Balance

I considered phoning my parents and telling them there were two comp tickets if they wanted to see me tonight rather than Saturday, but ultimately decided against it.

Dad hated having his plans upended at the last minute, and I vaguely remembered he was taking his team from the trading floor to dinner.

Seated at the brightly lit vanity by myself, while the Prologue was underway onstage, I certainly could have used a hug from Mum.

When the cast list first went up for Beauty and we all crowded around the performance grid, Carolyn had graciously – or ominously – told me that if I could dance Aurora, I could dance anything.

I had been too stunned by a principal deigning to speak to me to dwell on it, but she was right.

Alongside Odette/Odile and the Sugar Plum Fairy, Aurora is one of Tchaikovsky’s holy trinity of prima ballerina roles.

This was my event horizon: no going back now.

I tried not to watch the entire Prologue on the flickering backstage monitor, but I couldn’t resist peeking at Annie Petrowsky, one of the few principals left standing, looking regal in her lilac tutu as she confronted the evil fairy Carabosse, played by one of our cherished character artists Noemi Loizou, who always hammed up her character’s silent cackles with aplomb.

This was one of the most important mime monologues in classical ballet, an arcane language unto itself.

Using only the sweep of her arms and articulated fingers, Annie declared to the gate-crasher: You…

have said your piece.

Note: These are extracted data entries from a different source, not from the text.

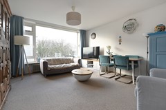Via de hal kom je in de woonkamer van maar liefst 21 m2. De woonkamer is aan de achterzijde van het appartement gelegen en geniet van veel daglicht door de gunstige ligging op het Zuidwesten. Vanuit de woonkamer kijk je uit op het groen en deels op het winkelcentrum Mariahoeve.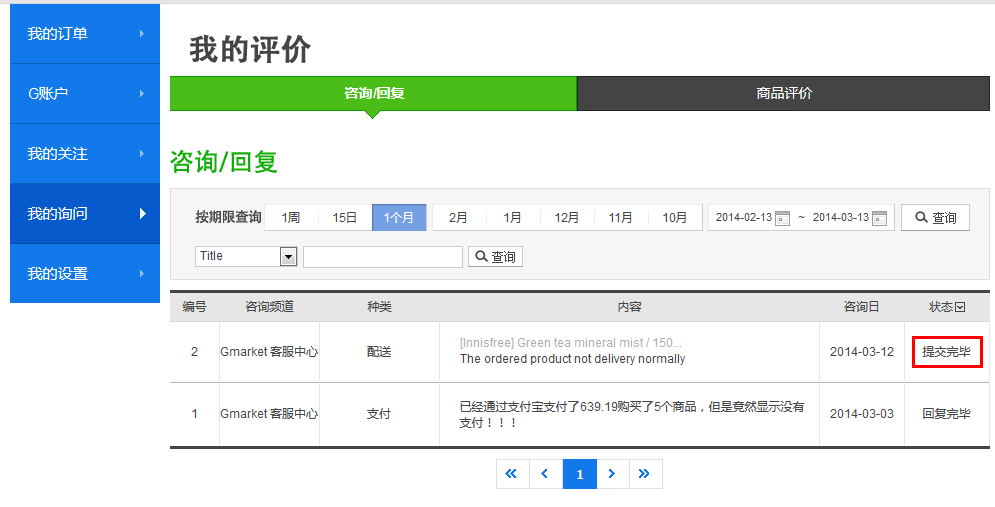 此处虽然是已经解决了问题,但是实际上,貌似Gmarket有bug,上述的投诉的项的状态还是显示的是 提交完毕,而不是 回复完毕或处理完毕: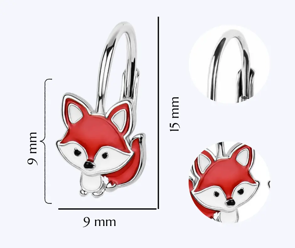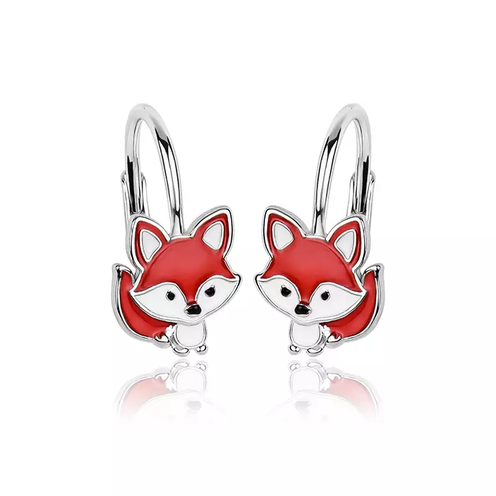 Kolczyki srebrne Liski dla dziewczynki angielskie zapięcie/ Rude liski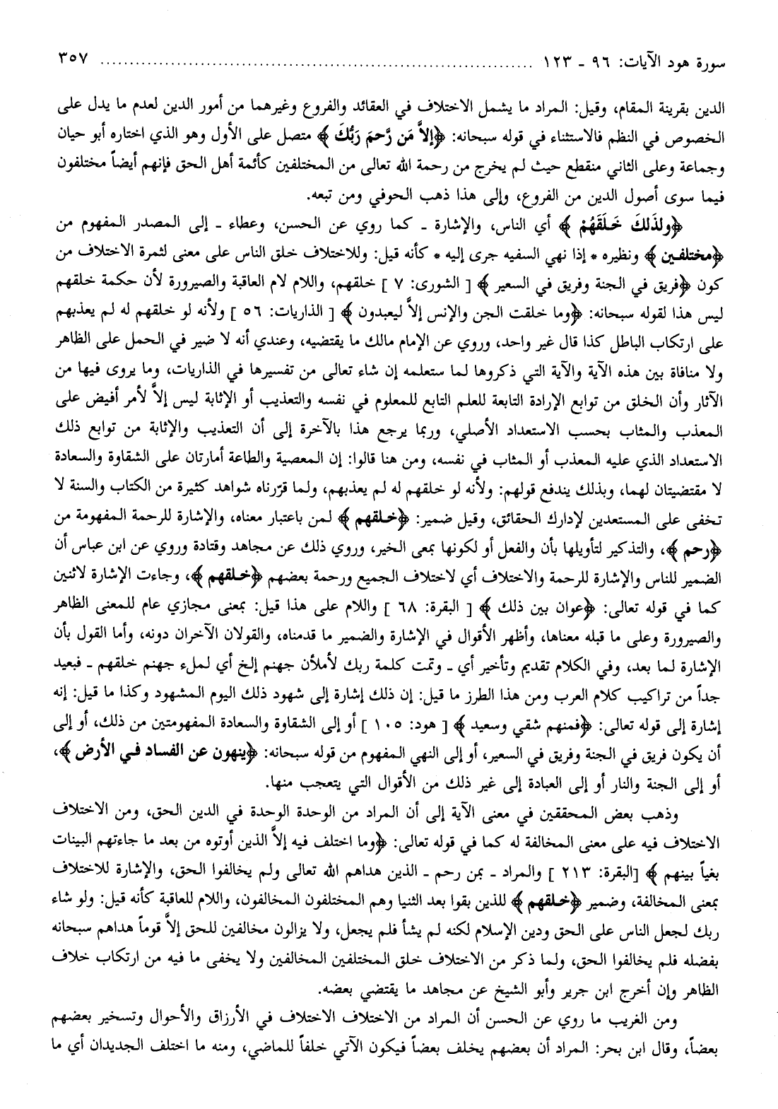 وَلِذلِكَ خَلَقَهُمْ أي الناس، والإشارة- كما روي عن الحسن، وعطاء- إلى المصدر المفهوم من مُخْتَلِفِينَ ونظيره إذا نهي السفيه جرى إليه كأنه قيل: وللاختلاف خلق الناس على معنى لثمرة الاختلاف من كون فَرِيقٌ فِي الْجَنَّةِ وَفَرِيقٌ فِي السَّعِيرِ [الشورى: 7] خلقهم، واللام لام العاقبة والصيرورة لأن حكمة خلقهم ليس هذا لقوله سبحانه: وَما خَلَقْتُ الْجِنَّ وَالْإِنْسَ إِلَّا لِيَعْبُدُونِ [الذاريات: 56] ولأنه لو خلقهم له لم يعذبهم على ارتكاب الباطل كذا قال غير واحد، وروي عن الإمام مالك ما يقتضيه، وعندي أنه لا ضير في الحمل على الظاهر ولا منافاة بين هذه الآية والآية التي ذكروها لما ستعلمه إن شاء تعالى من تفسيرها في الذاريات، وما يروى فيها من الآثار وأن الخلق من توابع الإرادة التابعة للعلم التابع للمعلوم في نفسه والتعذيب أو الإثابة ليس إلّا لأمر أفيض على المعذب والمثاب بحسب الاستعداد الأصلي، وربما يرجع هذا بالآخرة إلى أن التعذيب والإثابة من توابع ذلك الاستعداد الذي عليه المعذب أو المثاب في نفسه، ومن هنا قالوا: إن المعصية والطاعة أمارتان على الشقاوة والسعادة لا مقتضيتان لهما، وبذلك يندفع قولهم: ولأنه لو خلقهم له لم يعذبهم، ولما قرّرناه شواهد كثيرة من الكتاب والسنة لا تخفى على المستعدين لإدراك الحقائق، وقيل ضمير: خَلَقَهُمْ لمن باعتبار معناه، والإشارة للرحمة المفهومة من رَحِمَ، والتذكير لتأويلها بأن والفعل أو لكونها بمعنى الخير، وروي ذلك عن مجاهد وقتادة وروي عن ابن عباس أن الضمير للناس والإشارة للرحمة والاختلاف أي لاختلاف الجميع ورحمة بعضهم خَلَقَهُمْ، وجاءت الإشارة لاثنين كما في قوله تعالى: عَوانٌ بَيْنَ ذلِكَ [البقرة: 68] واللام على هذا قيل: بمعنى مجازي عام للمعنى الظاهر والصيرورة وعلى ما قبله معناها، وأظهر الأقوال في الإشارة والضمير ما قدمناه، والقولان الآخران دونه، وأما القول بأن الإشارة لما بعد، وفي الكلام تقديم وتأخير أي- وتمت كلمة ربك لأملأن جهنم إلخ أي لملء جهنم خلقهم- فبعيد جدا من تراكيب كلام العرب ومن هذا الطرز ما قيل: إن ذلك إشارة إلى شهود ذلك اليوم المشهود وكذا ما قيل: إنه إشارة إلى قوله تعالى: فَمِنْهُمْ شَقِيٌّ وَسَعِيدٌ [هود: 105] أو إلى الشقاوة والسعادة المفهومتين من ذلك، أو إلى أن يكون فريق في الجنة وفريق في السعير، أو إلى النهي المفهوم من قوله سبحانه: يَنْهَوْنَ عَنِ الْفَسادِ فِي الْأَرْضِ، أو إلى الجنة والنار أو إلى العبادة إلى غير ذلك من الأقوال التي يتعجب منها.

Now you… will listen…

to me. I… love… that baby. You… want to kill her?

Why? I decree… that she will prick her finger…

but she will die not. She will sleep, and be awoken by the kiss of a handsome prince.

I clapped along with the stage manager and prop assistants as the curtain came down on a relieved, hopeful queen standing over her baby’s bassinet, the Lilac Fairy having sent Carabosse into exile… but not for long.

As the teenaged Aurora, I didn’t get to go onstage with the rest of the corps, or even with the character artists in their plush royal robes.

I didn’t know how the ballerinas before me had ever managed it, forty nerve-jangling minutes of waiting, heart blurring beneath skin and bones.

For the first third of Act I, I stood in the wings, slowly unzipping my gilet, stepping out of my leg warmers, slipping off the covers that protected my pointe shoes from tracking grime onto the stage.

The reed of pain was still in my leg, but it had been dulled by adrenaline and the chill that always overcame me in the minutes before I was due to go on.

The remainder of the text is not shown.